Namun, jika sudah mendapatkan legalitasnya, usaha ini sangat menguntungkan. Pasarnya sudah sangat besar, terutama di Indonesia, sehingga ini juga bisa menjadi usaha yang patut dicoba.
5. Jasa Pembuatan Irigasi
Usaha kelima adalah jasa pembuatan irigasi. Irigasi merupakan salah satu hal penting untuk pengembangan pertanian di daerah pedesaan. Dengan sistem irigasi yang baik, kebutuhan air di sawah akan tercukupi dan dapat menghasilkan panen yang maksimal sesuai harapan.
Kalian bisa menyediakan jasa pembuatan irigasi dengan teknologi yang lebih canggih untuk daerah yang sulit terjangkau aliran irigasinya. Mengingat luasnya lahan pertanian di Indonesia, jasa pembuatan irigasi ini akan tetap menguntungkan untuk dijalani.
6. Ternak Burung Kicau
Usaha keenam adalah ternak burung kicau. Di daerah perdesaan yang masih asri dan hijau, burung-burung merasa lebih nyaman hidup di sana.
Jika kalian hobi dengan burung kicau, kalian bisa memanfaatkan pekarangan rumah sebagai tempat untuk beternak.
Bahkan, ada pemuda yang memulai bisnis burung kicau dari hobi dan kini meraih omzet hingga 60 juta sebulan.
Omzet yang tinggi ini terjadi karena pecinta burung kicau semakin banyak, sehingga pasarnya sangat luas.
Usaha ternak burung terbilang cepat panen dan membutuhkan modal yang relatif lebih murah, sehingga peluang ini sangat cocok untuk dibuka di daerah pedesaan.
7. Produksi Coco Fiber
Selanjutnya, ide usaha ketujuh adalah produksi coco fiber atau limbah serabut kelapa.
Melihat permintaan pasar luar negeri akan coco fiber, peluang usaha untuk mengolah limbah serabut kelapa menjadi coco fiber sangat terbuka lebar.
Cerita nyata datang dari seorang pria asal Pangandaran yang mampu meraih omzet 8 miliar per tahun dari mengolah serabut kelapa, yang berarti sekitar 670 juta per bulan.
Angka ini sangat besar, bukan?
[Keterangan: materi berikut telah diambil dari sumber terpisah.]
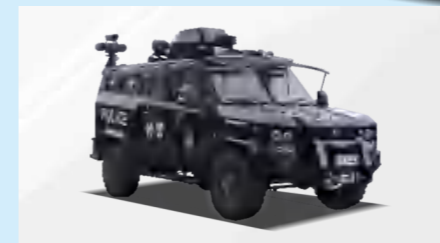
ARMORED RIOT CONTROL VEHICLE
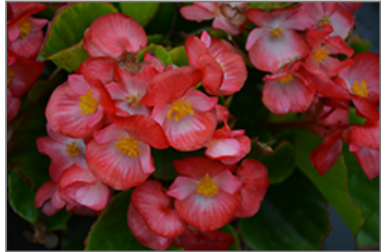
Sprint Plus Blush Begonia flowers

Sprint Plus Blush Begonia is recommended for the following landscape applications;
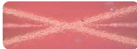
nyloprint® WS 73
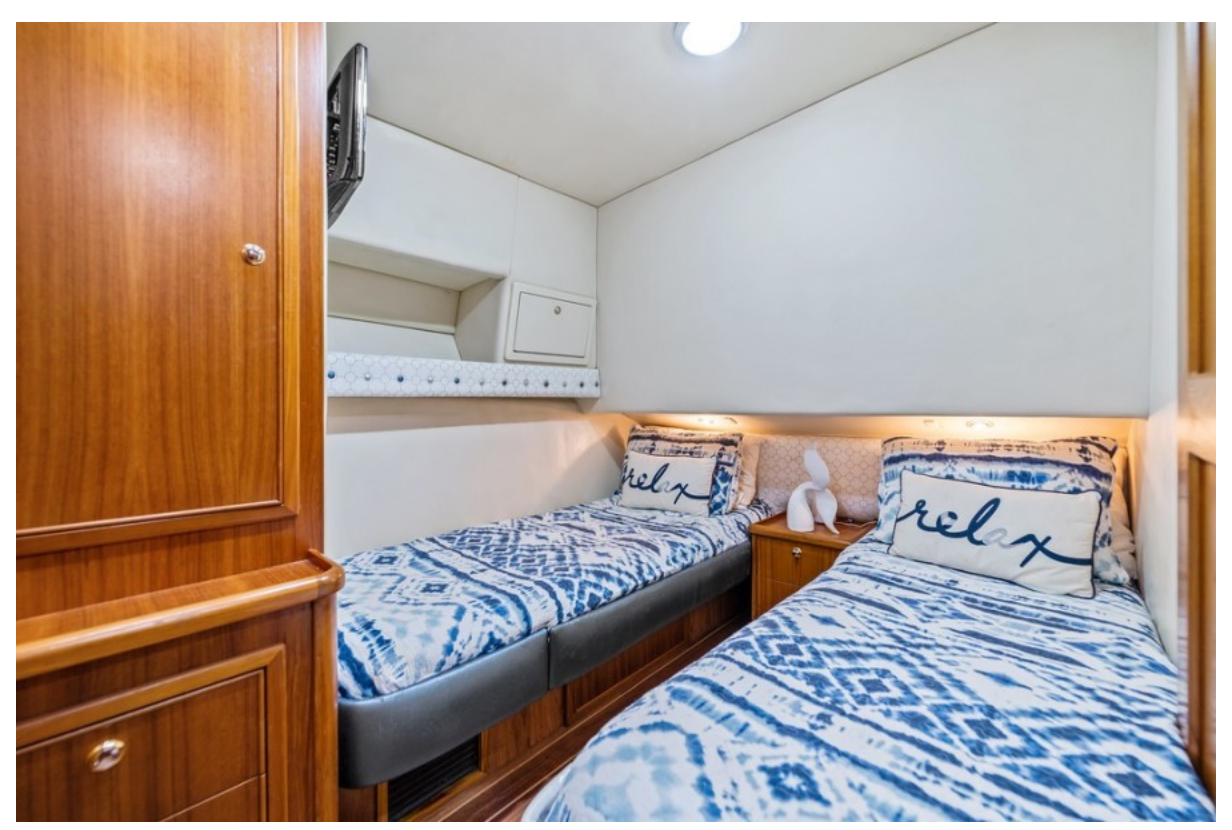
2001 Riviera 43 CNV - Guest Stateroom

Jika tempat tinggal kalian merupakan sentra kelapa, di mana serabut kelapa biasanya tidak memiliki nilai ekonomi, usaha ini sangat layak untuk dicoba karena terbukti sangat menjanjikan.
8. Membangun Villa Pedesaan
Terakhir, ide usaha kedelapan adalah membangun villa pedesaan. Jika tempat tinggal kalian dekat dengan kawasan wisata, kalian bisa mencoba bisnis ini.
Caranya adalah dengan menyediakan tempat tinggal yang disulap menjadi penginapan sederhana dengan konsep pedesaan yang alami dan asri.
Jika kalian tinggal di daerah seperti Jawa Timur, seperti di Batu atau Malang yang memiliki banyak tempat wisata, kalian bisa membangun villa di sana.
Demikianlah 8 peluang usaha di desa yang belum banyak pesaingnya.